Task: Images don't belong in the copy. Output the rest of the data exactly.

Stored records:
══════
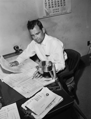 Jack C. Moore, policeman who had polio, is sitting at desk.
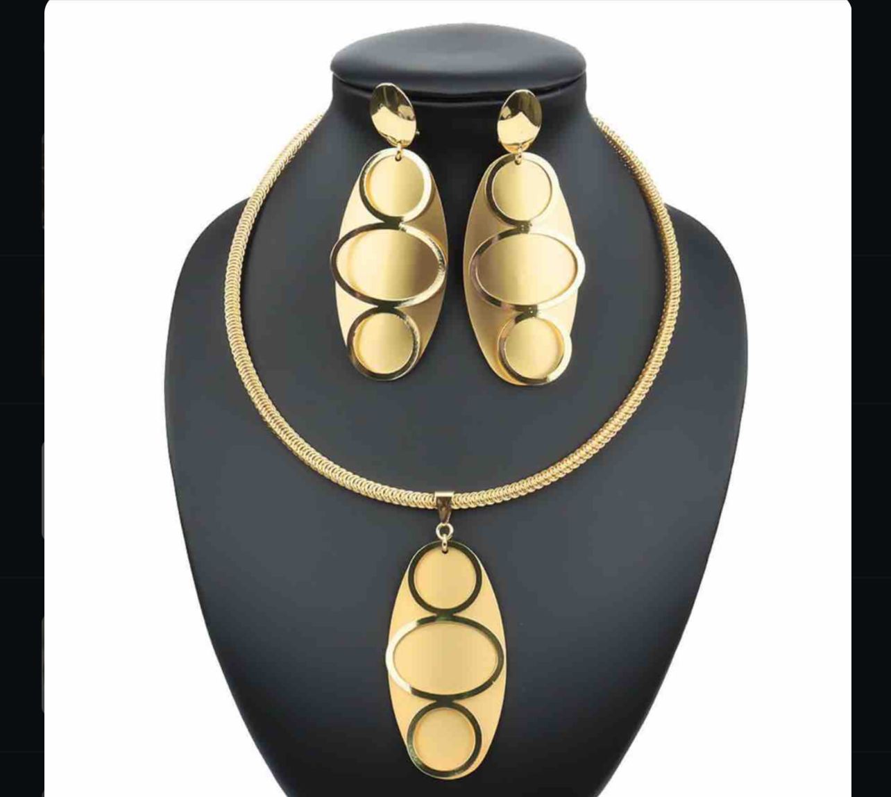 This elegant set features a stunning ear ring and necklace combination, adding a touch of beauty to any outfit. Made with quality craftsmanship, this set is a must-have for any fashion-forward individual. Elevate your style with this sophisticated and chic accessory.
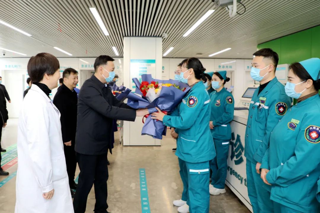 朱黎明一行先后到急診科、病人服務中心、影像科、皮膚科、中醫科、小兒心血管神經血液科,小兒呼吸內科看望慰問醫護人員,他表示,廣大醫護人員始終奮戰在醫療救治的最前線,承擔著光榮而艱巨的職責使命,為護佑全市人民健康提供了堅實保障,在新春佳節到來之際,謹代表市衛健委向辛勤奉獻的市二院全體醫護人員表達誠摯的感謝和新年的祝福。
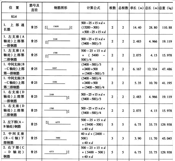 解:計算2軸線的KIA、⑥軸線相交于②軸線的KZ1中除了箍筋、腰筋、拉筋之外的其他鋼筋工程量以及LB1中的底部鋼筋的工程量。將計算結果填入鋼筋工程量計算表中,見表3-7。
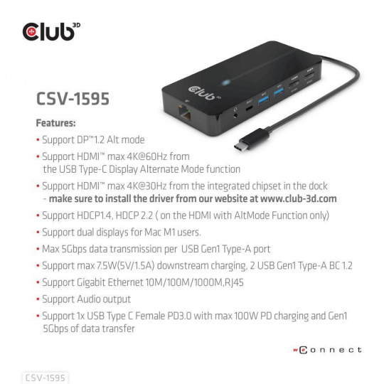 - Support HDMI™ max 4K@30Hz from the integrated chipset in the dock - make sure to install the driver from our website at www.club-3d.com
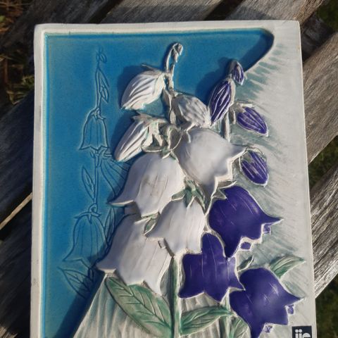 Ca. 17,8 x 13,7 cm bred. Relief med 2 lyseblå/hvidlig sommerfugle på hvidglaseret baggrund med blomster, designet af Aimo Nietosvuori for svenske Jie Gantofta (1942-1992). Mærket bagpå med logo, Aimo-logo, nummer og signatur. Fin stand.
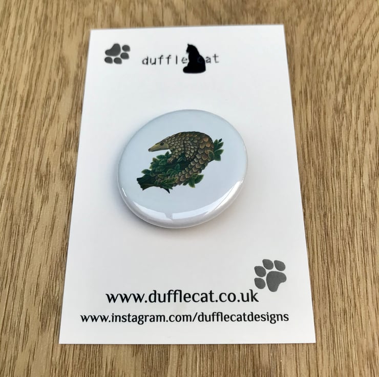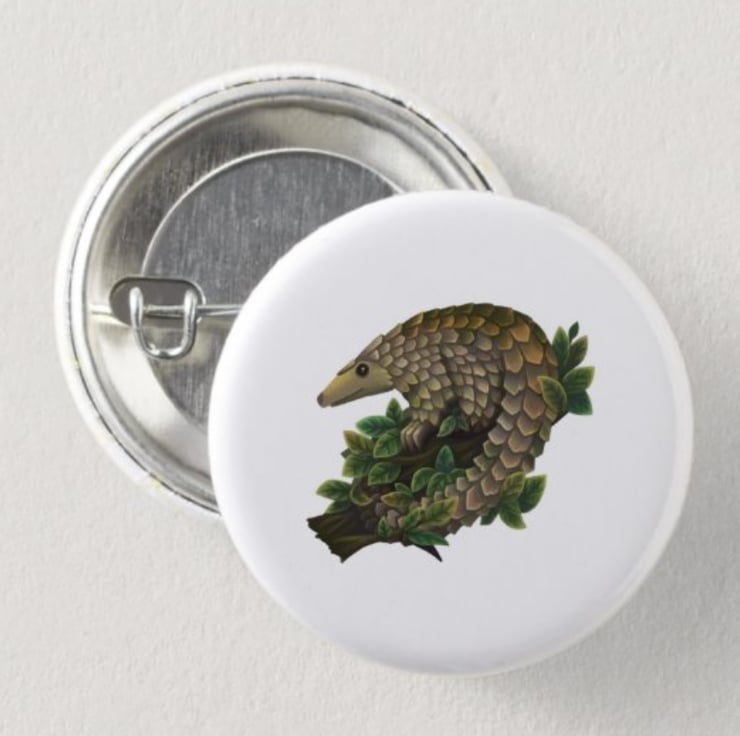 A pangolin badge. Standard, 3cm (1.25") round badge, Covered with scratch and UV-resistant Mylar. Metal and plastic. With a steel pin back.
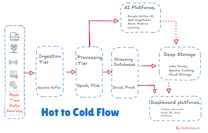 In application, such transition is determined by time, usage, and processing stages. Hot data is first treated in streaming systems (such as Flink or Spark Streaming) and may be enriched or aggregated. After it serves its original purpose, it is compressed, abbreviated, or archived and sent to cost-effective storage – like data lakes, object storage, or warehouses. That cold data is then put to historic analysis, reporting, compliance, or model training, not real-time actions.
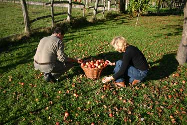 afternoons among laughter and conversations, anecdotes and legends, picking up the precious apples. The baskets loaded with these
══════
Problem solution:
 Jack C. Moore, policeman who had polio, is sitting at desk.
 This elegant set features a stunning ear ring and necklace combination, adding a touch of beauty to any outfit. Made with quality craftsmanship, this set is a must-have for any fashion-forward individual. Elevate your style with this sophisticated and chic accessory.
 朱黎明一行先后到急診科、病人服務中心、影像科、皮膚科、中醫科、小兒心血管神經血液科,小兒呼吸內科看望慰問醫護人員,他表示,廣大醫護人員始終奮戰在醫療救治的最前線,承擔著光榮而艱巨的職責使命,為護佑全市人民健康提供了堅實保障,在新春佳節到來之際,謹代表市衛健委向辛勤奉獻的市二院全體醫護人員表達誠摯的感謝和新年的祝福。
 解:計算2軸線的KIA、⑥軸線相交于②軸線的KZ1中除了箍筋、腰筋、拉筋之外的其他鋼筋工程量以及LB1中的底部鋼筋的工程量。將計算結果填入鋼筋工程量計算表中,見表3-7。
 - Support HDMI™ max 4K@30Hz from the integrated chipset in the dock - make sure to install the driver from our website at www.club-3d.com
 Ca. 17,8 x 13,7 cm bred. Relief med 2 lyseblå/hvidlig sommerfugle på hvidglaseret baggrund med blomster, designet af Aimo Nietosvuori for svenske Jie Gantofta (1942-1992). Mærket bagpå med logo, Aimo-logo, nummer og signatur. Fin stand.
 A pangolin badge. Standard, 3cm (1.25") round badge, Covered with scratch and UV-resistant Mylar. Metal and plastic. With a steel pin back.
 In application, such transition is determined by time, usage, and processing stages. Hot data is first treated in streaming systems (such as Flink or Spark Streaming) and may be enriched or aggregated. After it serves its original purpose, it is compressed, abbreviated, or archived and sent to cost-effective storage – like data lakes, object storage, or warehouses. That cold data is then put to historic analysis, reporting, compliance, or model training, not real-time actions.
 afternoons among laughter and conversations, anecdotes and legends, picking up the precious apples. The baskets loaded with these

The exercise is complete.